Property Rights Alliance’ın (Mülkiyet Hakları İttifakı- PRA) 2015 yılı fikri mülkiyet hakları koruma endeksine göre Türkiye 129 ülkearasında 58. sıradadır. Türkiye’nin uluslararası yatırım çekmekte yarıştığı bölge ülkelerinden Çek Cumhuriyeti’nin 31, Polonya’nın 41, Slovakya’nın 43, Litvanya’nın 44 ve Macaristan’ın 46. Sırada olduğu listede, Türkiye fikri mülkiyet haklarının korunmasında bölgesinde bulunan bu ülkeler arasında yükselmesi sonucunda, ülkeye önemli miktarda  ek uluslararası yatırımın gelebileceği öngörülmektedir. Yatırımların artması GSYİH, ihracat ve istihdamın da doğal olarak artışını getirecektir.
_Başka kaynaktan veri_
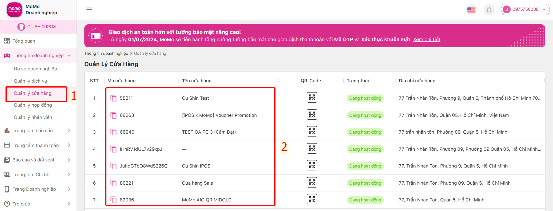 - Bước 5: Chọn vào “Quản lý cửa hàng” để lấy mã cửa hàng MoMo.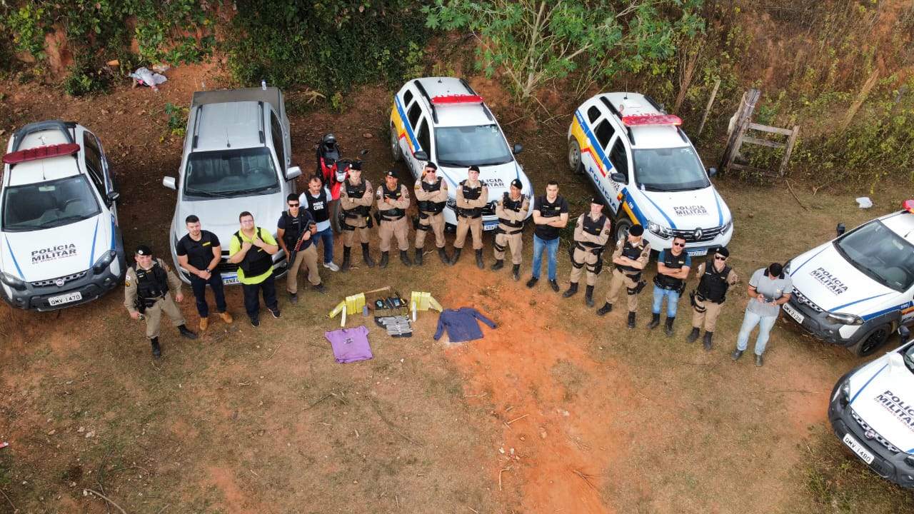 Ao chegarem ao local, os suspeitos empreenderam fuga, carregando consigo diversos materiais. Diante disso, foi necessário realizar um cerco e adentrar na mata. Durante as buscas, um dos indivíduos de 35 anos foi capturado e os seguintes materiais foram apreendidos: 14 barras grandes de maconha, 2 barras médias de maconha, 1 bucha grande de maconha, 39 tabletes médios de maconha, 3 tabletes grandes de maconha, 1 balança de precisão, 1 balança digital de gancho, 1 celular, 1 faca, 1 lima chata, 1 enxadão, 1 martelo e 2 veículos.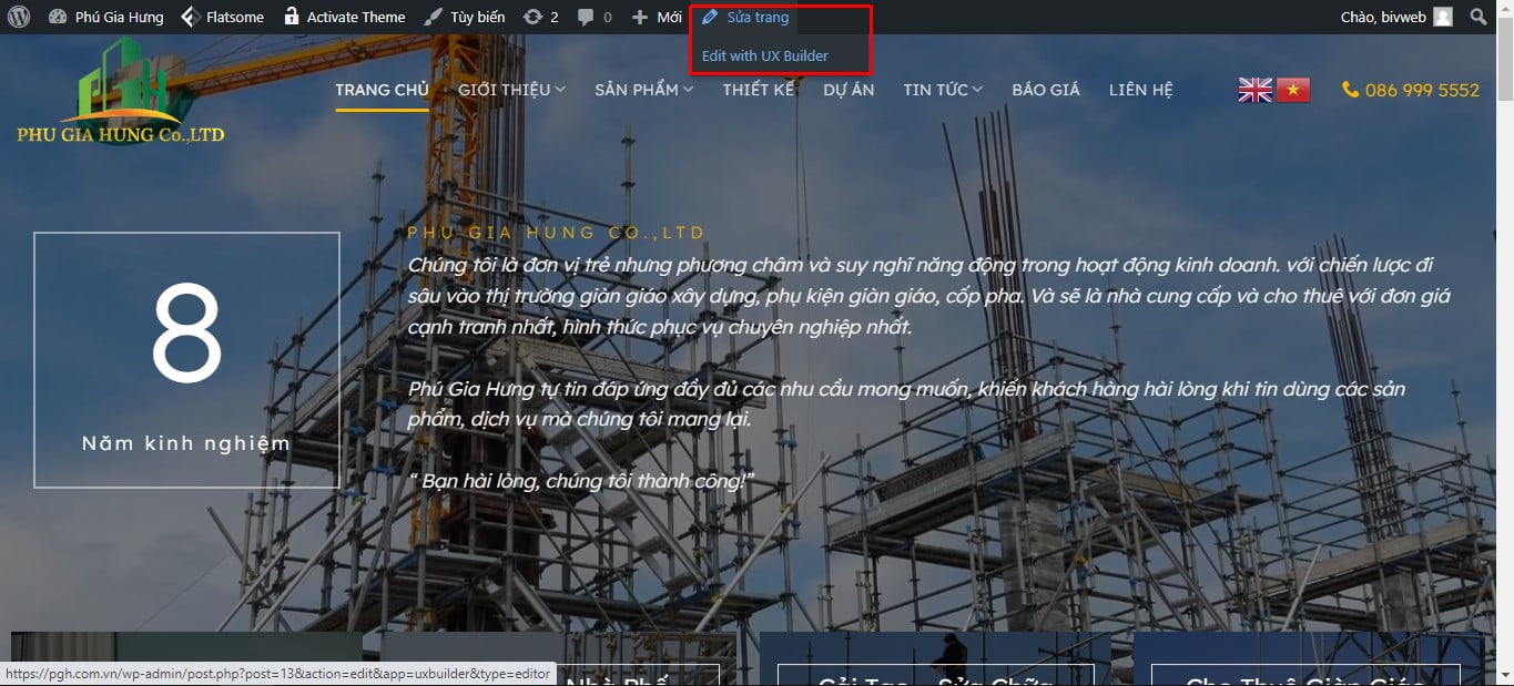 Lúc này trang web được chuyển sang trang chủ website, để chỉnh sửa nội dung tiếp tục di chuột đến Sửa trang và chọn Edit with UX Builder

Türkiye’de patent ve veri koruması ile ilgili kanun ve düzenlemeler Avrupa standartlarına yakındır. Ancak Ar-Ge yatırımı çekmek ve yerli patent oranını artırmak için bu koşul tek başına yeterli değildir. İlaçlarda ruhsatlandırma için resmi makamlara sunulması zorunlu olan bilgiler “veri münhasıriyeti” olarak adlandırılan bir koruma kapsamındadır. Türkiye’de veri münhasıriyet süresi, orijinal ilacın Gümrük Birliği alanında ilk defa ruhsatlandırıldığı tarihten başlamakta ve molekülün Türkiye’deki patent süresi ile sınırlı olmak üzere 6 yıl sürmektedir. Oysa bu korumanın molekülün Türkiye’de pazara sunulma onayınıaldığı tarihten geçerli olacak şekilde ve ruhsat süresinden bağımsız olarak uygulanması gerekmektedir.

Etkin bir veri korumasının sağlanabilmesi için, ulusal mevzuatın AB’ne uyumlu olarak, yani veri münhasıriyeti süresini AB’deki gibi 8+2+1 yıl olarak belirleyecek, veri münhasıriyeti başlangıç tarihini Türkiye’deki ruhsat temin tarihi olarak düzenleyecek ve patent süresi ile veri münhasıriyeti ilişkisini kaldıracak şekilde yeniden düzenlenmesi ve uygulanması, Türkiye’nin ilaç sektöründe rekabetçiliğinin artırılması açısından büyük önem taşımaktadır.”